-- THE DATA --
--------

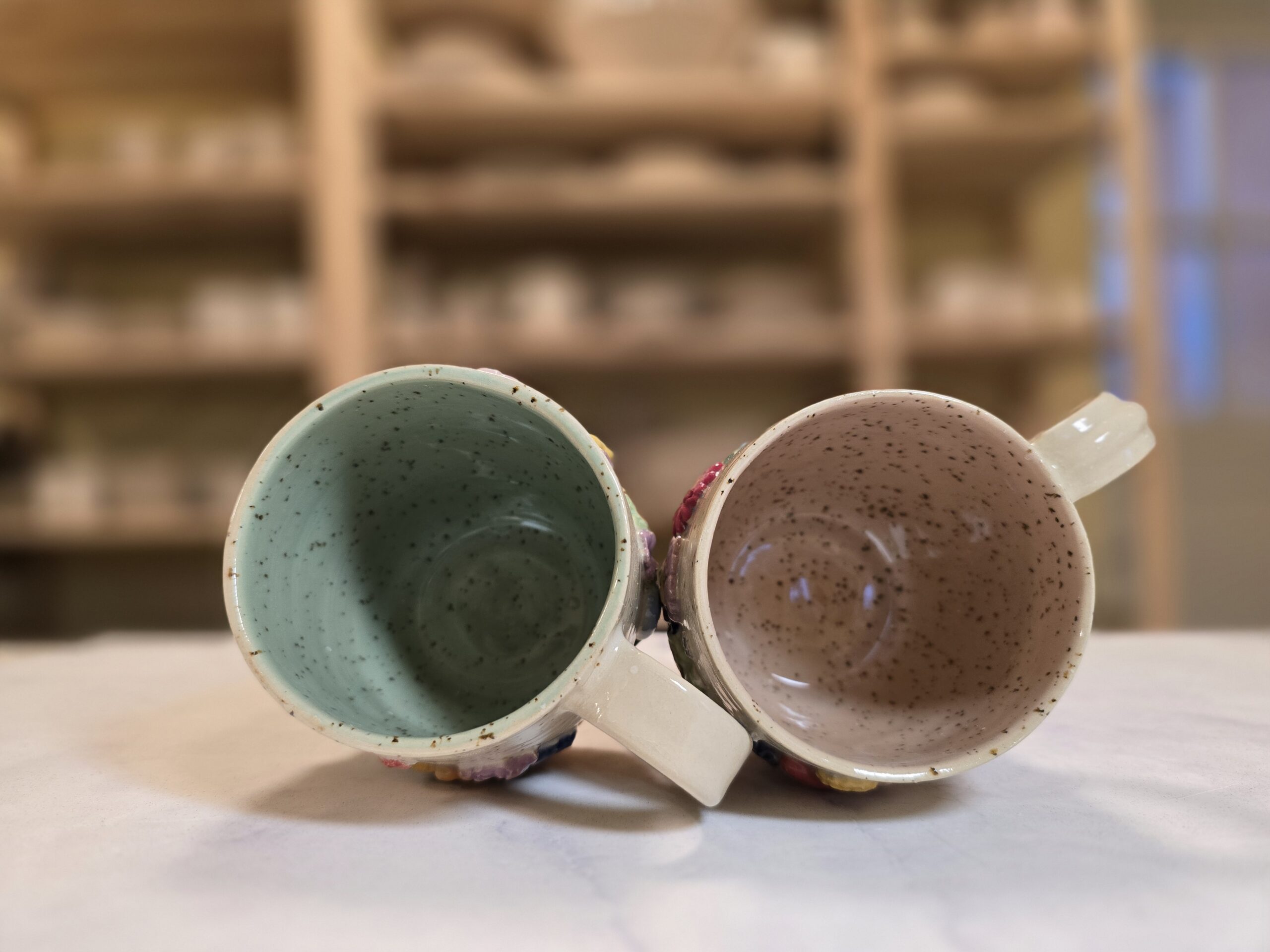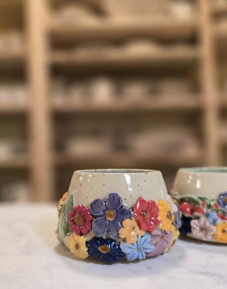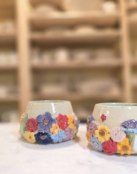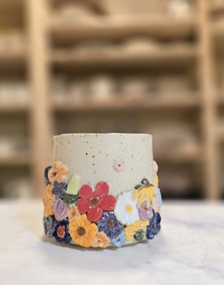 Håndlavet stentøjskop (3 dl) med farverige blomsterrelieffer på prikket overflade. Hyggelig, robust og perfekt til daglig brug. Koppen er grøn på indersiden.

--------

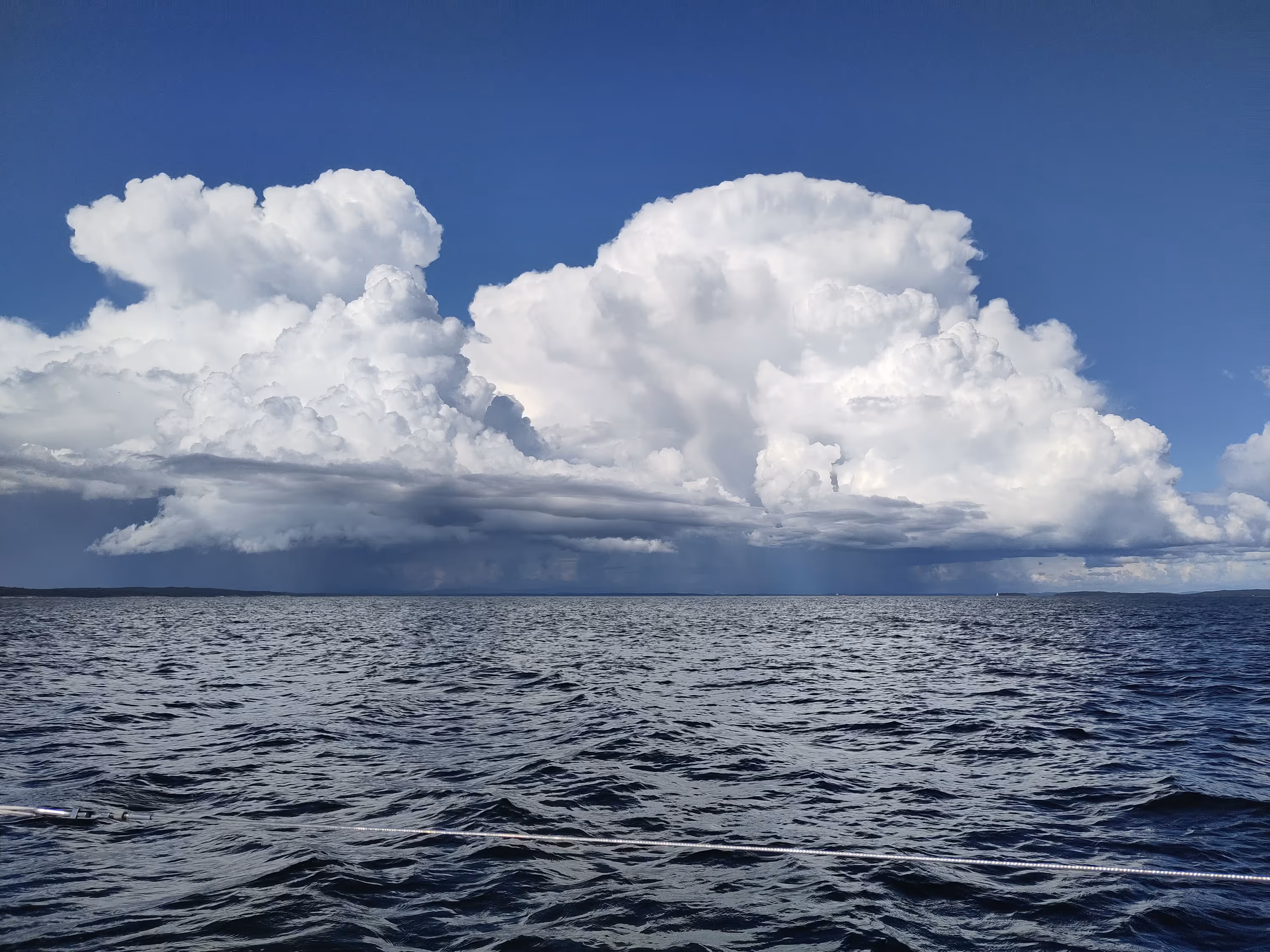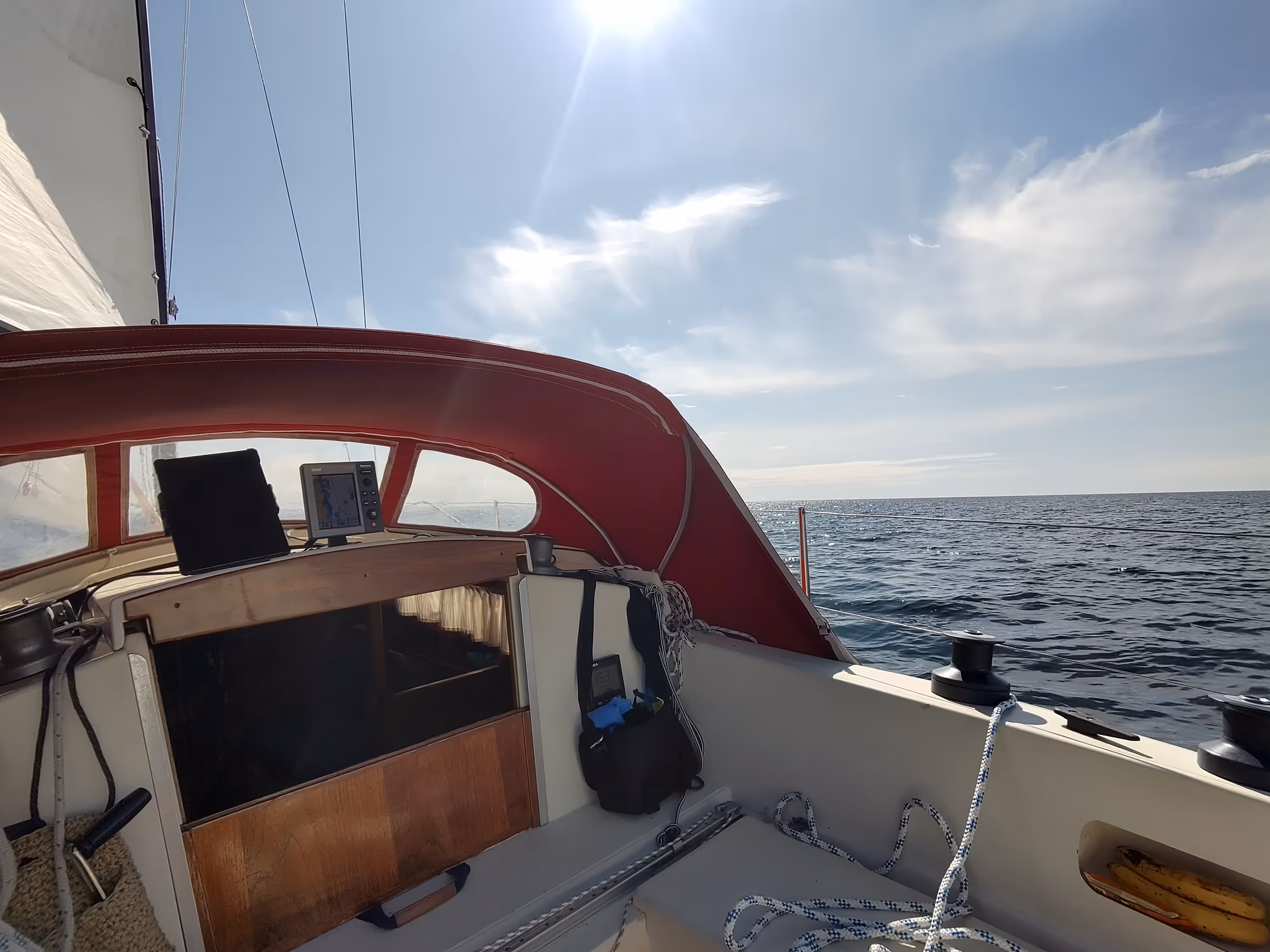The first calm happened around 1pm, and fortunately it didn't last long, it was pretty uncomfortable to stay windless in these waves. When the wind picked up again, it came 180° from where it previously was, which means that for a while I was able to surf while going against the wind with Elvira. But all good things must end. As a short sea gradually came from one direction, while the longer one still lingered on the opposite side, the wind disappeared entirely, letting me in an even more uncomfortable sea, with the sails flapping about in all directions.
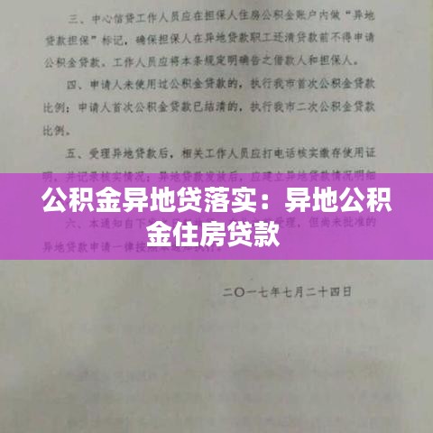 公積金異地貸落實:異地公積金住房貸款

--------

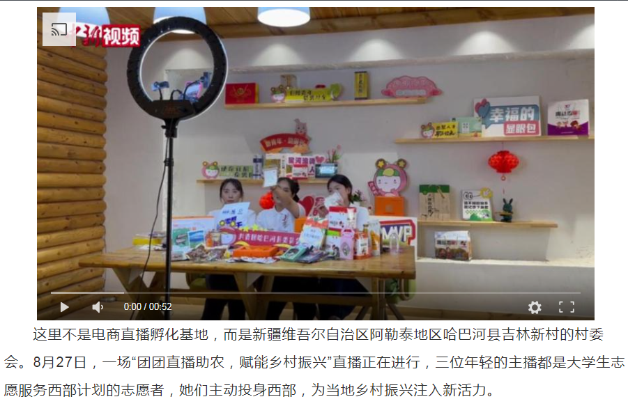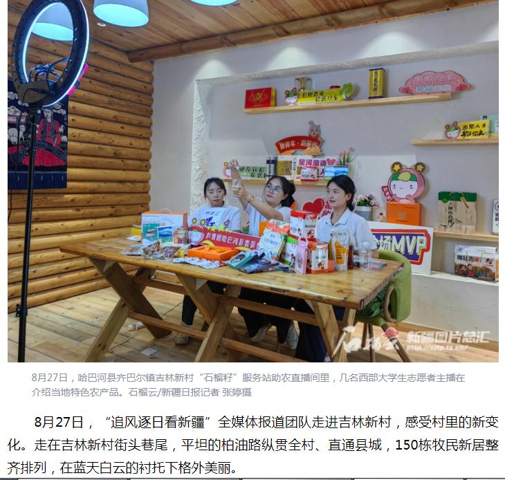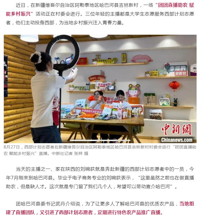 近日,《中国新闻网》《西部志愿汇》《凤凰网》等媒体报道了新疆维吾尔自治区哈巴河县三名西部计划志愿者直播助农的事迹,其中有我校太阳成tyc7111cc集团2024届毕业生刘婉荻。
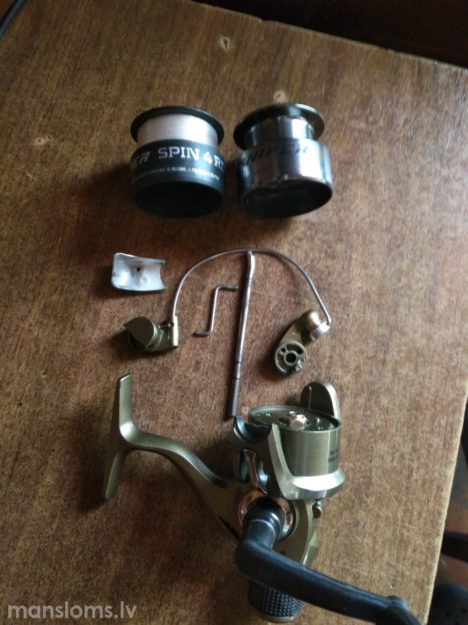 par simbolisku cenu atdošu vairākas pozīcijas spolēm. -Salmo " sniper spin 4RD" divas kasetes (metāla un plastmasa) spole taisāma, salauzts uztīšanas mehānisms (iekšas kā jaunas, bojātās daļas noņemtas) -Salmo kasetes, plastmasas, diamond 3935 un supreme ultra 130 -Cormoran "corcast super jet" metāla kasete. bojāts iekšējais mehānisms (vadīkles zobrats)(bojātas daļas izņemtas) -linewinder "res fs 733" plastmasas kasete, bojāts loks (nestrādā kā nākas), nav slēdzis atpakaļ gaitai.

--------

An exact copy is needed of the stretch above that opens with the line containing "近日,《中国新闻网》《西部志" and closes with the line containing "par simbolisku cenu"; the pictures are not part of it.

 近日,《中国新闻网》《西部志愿汇》《凤凰网》等媒体报道了新疆维吾尔自治区哈巴河县三名西部计划志愿者直播助农的事迹,其中有我校太阳成tyc7111cc集团2024届毕业生刘婉荻。
 par simbolisku cenu atdošu vairākas pozīcijas spolēm. -Salmo " sniper spin 4RD" divas kasetes (metāla un plastmasa) spole taisāma, salauzts uztīšanas mehānisms (iekšas kā jaunas, bojātās daļas noņemtas) -Salmo kasetes, plastmasas, diamond 3935 un supreme ultra 130 -Cormoran "corcast super jet" metāla kasete. bojāts iekšējais mehānisms (vadīkles zobrats)(bojātas daļas izņemtas) -linewinder "res fs 733" plastmasas kasete, bojāts loks (nestrādā kā nākas), nav slēdzis atpakaļ gaitai.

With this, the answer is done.